Work through the data below and state how many lines contain "seguridad", giving that number alone.

▸ **Extracted records**:
—————

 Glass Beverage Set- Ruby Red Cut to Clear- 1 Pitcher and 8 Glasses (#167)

—————

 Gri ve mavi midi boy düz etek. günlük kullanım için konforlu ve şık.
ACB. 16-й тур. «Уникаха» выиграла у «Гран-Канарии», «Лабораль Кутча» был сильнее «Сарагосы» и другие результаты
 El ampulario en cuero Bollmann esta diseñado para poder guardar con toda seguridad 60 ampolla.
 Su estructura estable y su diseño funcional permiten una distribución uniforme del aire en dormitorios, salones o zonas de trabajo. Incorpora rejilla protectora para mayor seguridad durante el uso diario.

—————

▸ **Output of the exercise**: 2